- _Aim of the task_
Exactly reproduce the lines of the listing below from the one containing "近日,元阳县卫计局、县计生协" through the one containing "平中オリジナルデザインバッグ 公開日 2021/12/15". Skip the images.

- _Records_
⟨

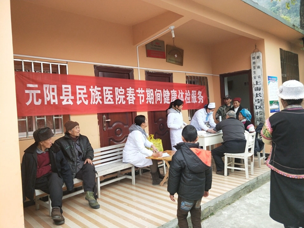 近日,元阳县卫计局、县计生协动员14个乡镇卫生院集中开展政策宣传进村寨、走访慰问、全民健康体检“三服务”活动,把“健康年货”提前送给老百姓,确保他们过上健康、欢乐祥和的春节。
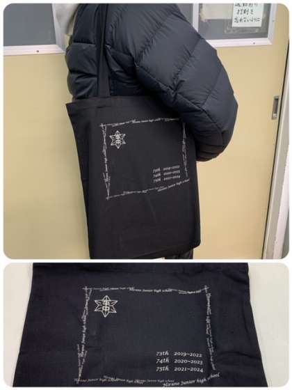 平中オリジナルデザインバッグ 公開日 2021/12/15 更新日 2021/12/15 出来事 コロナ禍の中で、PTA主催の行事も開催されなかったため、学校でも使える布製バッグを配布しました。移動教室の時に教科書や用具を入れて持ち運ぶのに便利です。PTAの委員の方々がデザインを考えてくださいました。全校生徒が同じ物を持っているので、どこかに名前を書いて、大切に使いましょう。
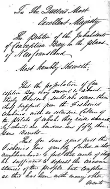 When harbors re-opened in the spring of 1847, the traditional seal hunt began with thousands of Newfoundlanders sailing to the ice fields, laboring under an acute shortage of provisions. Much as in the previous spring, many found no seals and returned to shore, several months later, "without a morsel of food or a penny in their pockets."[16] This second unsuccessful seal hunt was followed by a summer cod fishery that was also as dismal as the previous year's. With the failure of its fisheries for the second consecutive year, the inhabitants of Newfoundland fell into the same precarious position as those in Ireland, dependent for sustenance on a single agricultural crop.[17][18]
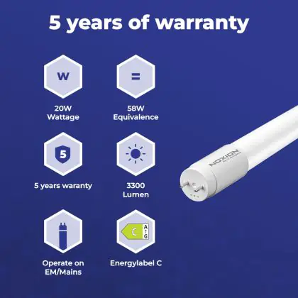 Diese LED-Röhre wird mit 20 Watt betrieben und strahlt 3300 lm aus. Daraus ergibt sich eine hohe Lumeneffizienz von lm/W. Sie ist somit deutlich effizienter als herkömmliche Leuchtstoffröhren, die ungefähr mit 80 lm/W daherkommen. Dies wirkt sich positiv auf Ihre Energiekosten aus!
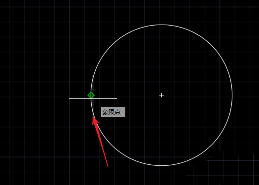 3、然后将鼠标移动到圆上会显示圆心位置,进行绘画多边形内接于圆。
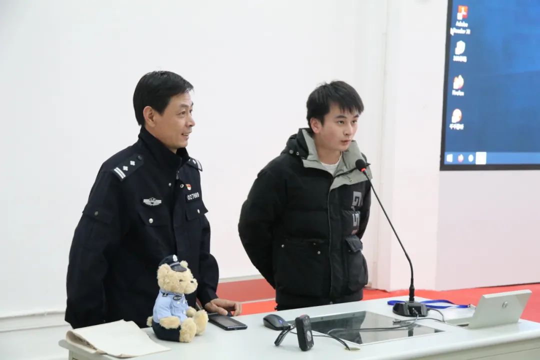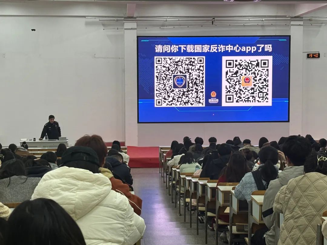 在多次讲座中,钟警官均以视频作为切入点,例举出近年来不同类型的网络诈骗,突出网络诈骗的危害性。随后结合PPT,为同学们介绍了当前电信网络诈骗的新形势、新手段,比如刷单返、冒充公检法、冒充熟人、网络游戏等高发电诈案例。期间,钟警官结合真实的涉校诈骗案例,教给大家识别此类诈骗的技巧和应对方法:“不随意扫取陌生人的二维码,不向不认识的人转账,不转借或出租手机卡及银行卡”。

⟩
⟨

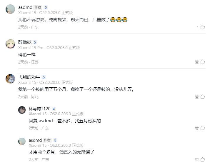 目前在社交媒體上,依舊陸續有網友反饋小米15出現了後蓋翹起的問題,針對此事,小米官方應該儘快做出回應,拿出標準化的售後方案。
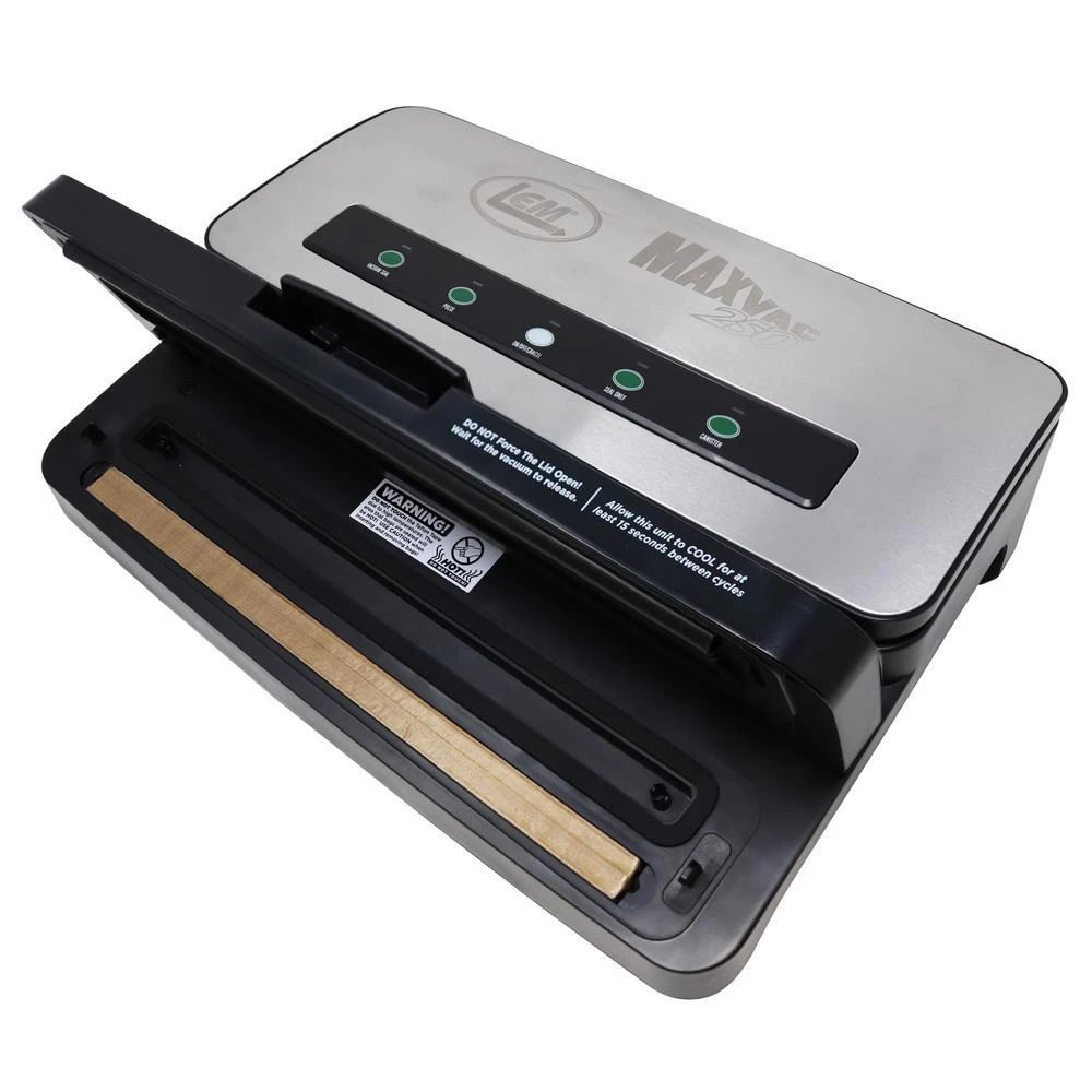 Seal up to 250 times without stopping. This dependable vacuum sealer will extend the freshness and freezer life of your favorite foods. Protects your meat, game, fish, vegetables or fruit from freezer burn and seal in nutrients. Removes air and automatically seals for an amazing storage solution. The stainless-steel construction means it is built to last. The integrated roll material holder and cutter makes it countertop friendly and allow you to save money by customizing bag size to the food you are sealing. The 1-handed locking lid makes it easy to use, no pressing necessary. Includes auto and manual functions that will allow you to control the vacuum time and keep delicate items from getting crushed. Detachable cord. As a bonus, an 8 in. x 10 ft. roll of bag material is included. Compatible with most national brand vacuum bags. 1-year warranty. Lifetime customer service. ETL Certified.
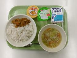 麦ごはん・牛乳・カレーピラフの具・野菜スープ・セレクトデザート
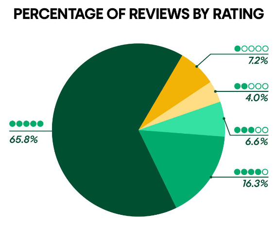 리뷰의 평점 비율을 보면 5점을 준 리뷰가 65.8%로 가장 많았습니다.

⟩

- _Problem solution_
 近日,元阳县卫计局、县计生协动员14个乡镇卫生院集中开展政策宣传进村寨、走访慰问、全民健康体检“三服务”活动,把“健康年货”提前送给老百姓,确保他们过上健康、欢乐祥和的春节。
 平中オリジナルデザインバッグ 公開日 2021/12/15 更新日 2021/12/15 出来事 コロナ禍の中で、PTA主催の行事も開催されなかったため、学校でも使える布製バッグを配布しました。移動教室の時に教科書や用具を入れて持ち運ぶのに便利です。PTAの委員の方々がデザインを考えてくださいました。全校生徒が同じ物を持っているので、どこかに名前を書いて、大切に使いましょう。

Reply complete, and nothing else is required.